Task objective: Starting at the first line of the listing below, retype each line up to and including the one that contains "Томат нарезать ломтиками". Leave pictures out.

____

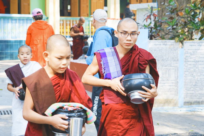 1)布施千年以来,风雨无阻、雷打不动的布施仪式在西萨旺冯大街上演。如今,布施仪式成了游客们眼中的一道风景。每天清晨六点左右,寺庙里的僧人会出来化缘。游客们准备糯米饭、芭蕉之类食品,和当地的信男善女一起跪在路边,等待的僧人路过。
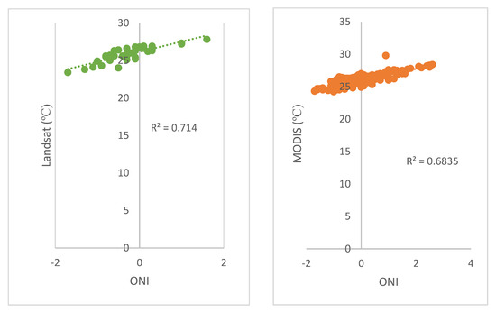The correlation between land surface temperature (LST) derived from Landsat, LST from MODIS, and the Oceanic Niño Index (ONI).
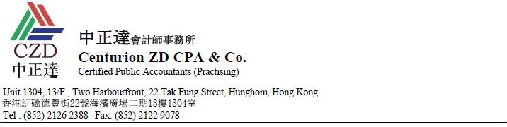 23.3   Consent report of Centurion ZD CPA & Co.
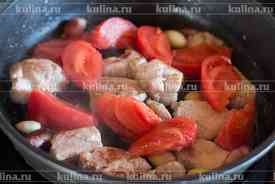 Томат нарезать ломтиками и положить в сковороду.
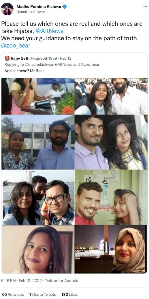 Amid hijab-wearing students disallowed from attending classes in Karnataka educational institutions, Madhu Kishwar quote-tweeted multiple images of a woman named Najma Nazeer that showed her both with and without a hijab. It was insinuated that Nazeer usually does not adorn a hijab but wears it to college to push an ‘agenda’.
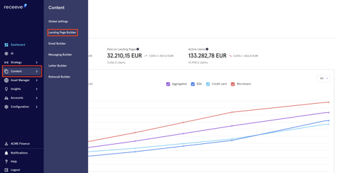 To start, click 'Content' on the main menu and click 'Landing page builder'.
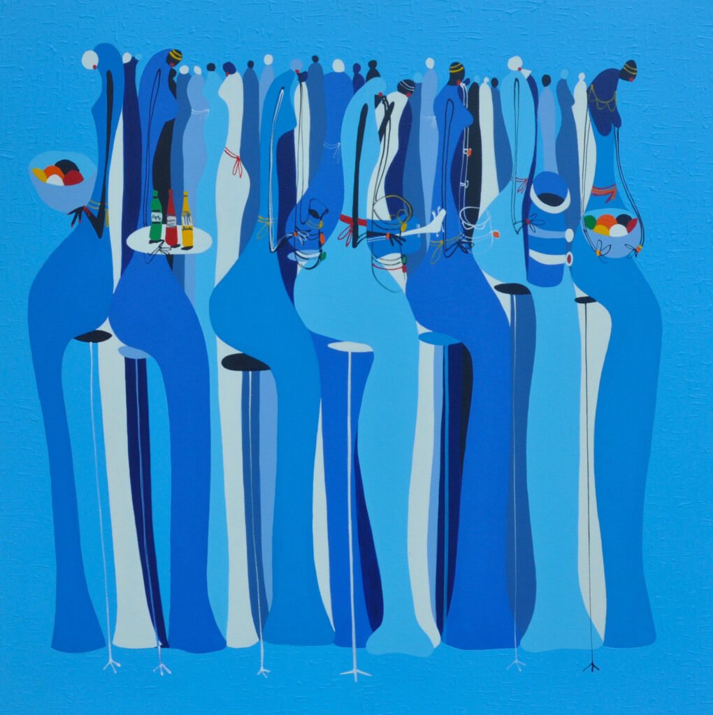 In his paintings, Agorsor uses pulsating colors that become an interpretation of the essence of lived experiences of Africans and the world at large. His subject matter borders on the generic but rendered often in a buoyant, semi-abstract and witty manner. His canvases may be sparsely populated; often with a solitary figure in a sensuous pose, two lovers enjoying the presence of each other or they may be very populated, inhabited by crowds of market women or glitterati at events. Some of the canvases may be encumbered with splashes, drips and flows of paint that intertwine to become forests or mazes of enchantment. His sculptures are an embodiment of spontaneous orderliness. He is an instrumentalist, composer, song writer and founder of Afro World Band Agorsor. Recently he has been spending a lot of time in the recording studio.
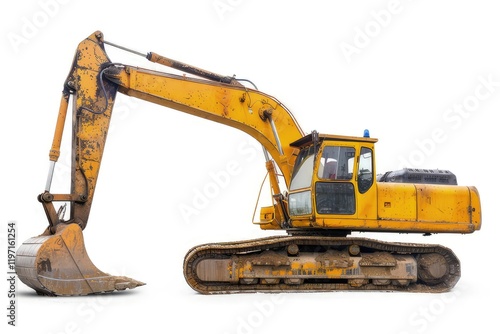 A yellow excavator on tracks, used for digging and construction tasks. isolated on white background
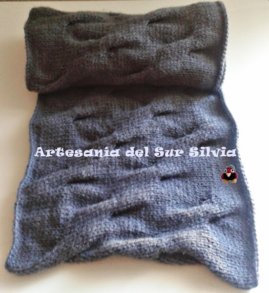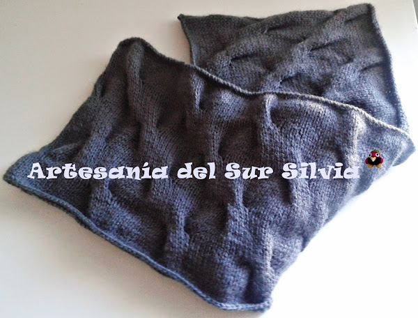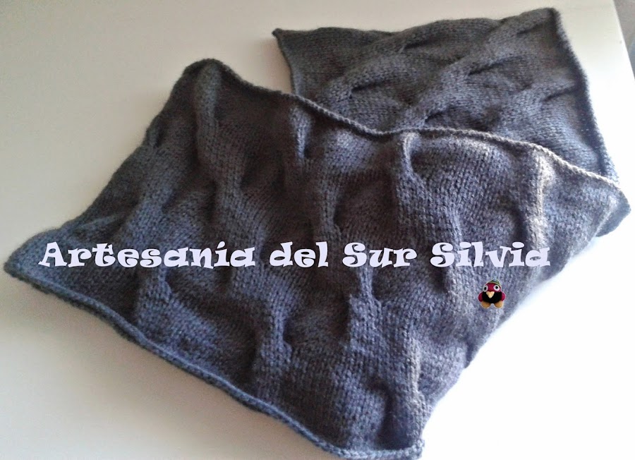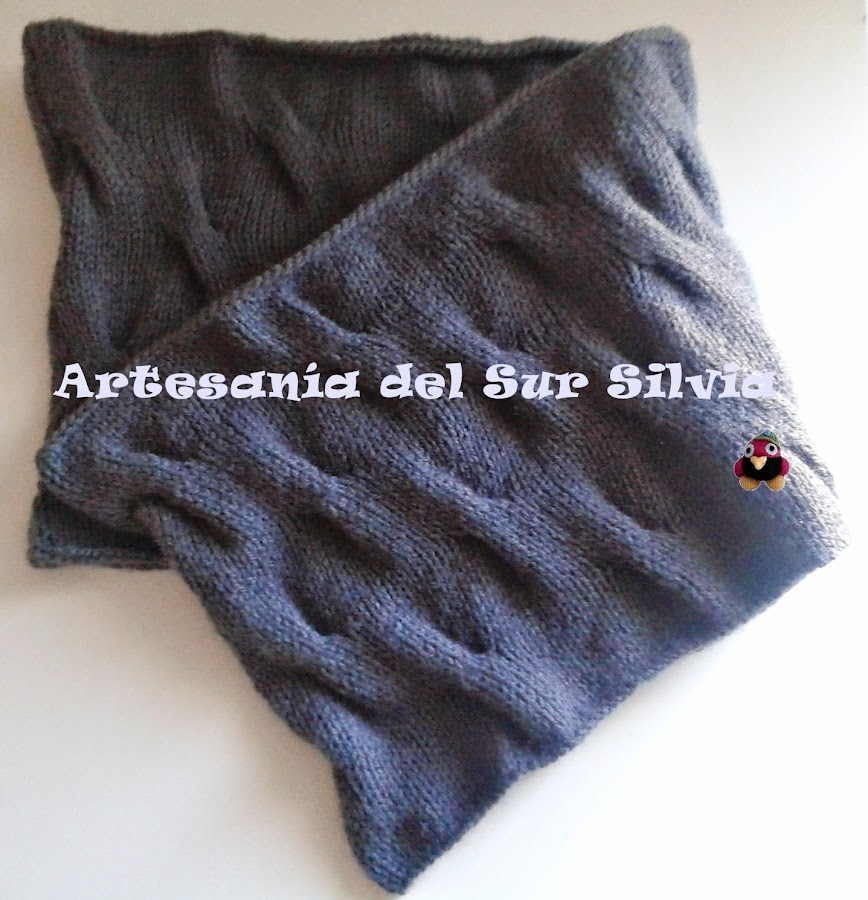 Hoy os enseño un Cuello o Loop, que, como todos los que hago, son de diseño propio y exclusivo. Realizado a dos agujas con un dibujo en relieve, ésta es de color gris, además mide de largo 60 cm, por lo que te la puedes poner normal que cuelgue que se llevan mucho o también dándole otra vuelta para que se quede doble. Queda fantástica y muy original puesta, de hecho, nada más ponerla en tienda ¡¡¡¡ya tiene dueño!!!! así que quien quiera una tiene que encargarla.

____

Exercise output:
 1)布施千年以来,风雨无阻、雷打不动的布施仪式在西萨旺冯大街上演。如今,布施仪式成了游客们眼中的一道风景。每天清晨六点左右,寺庙里的僧人会出来化缘。游客们准备糯米饭、芭蕉之类食品,和当地的信男善女一起跪在路边,等待的僧人路过。
The correlation between land surface temperature (LST) derived from Landsat, LST from MODIS, and the Oceanic Niño Index (ONI).
 23.3   Consent report of Centurion ZD CPA & Co.
 Томат нарезать ломтиками и положить в сковороду.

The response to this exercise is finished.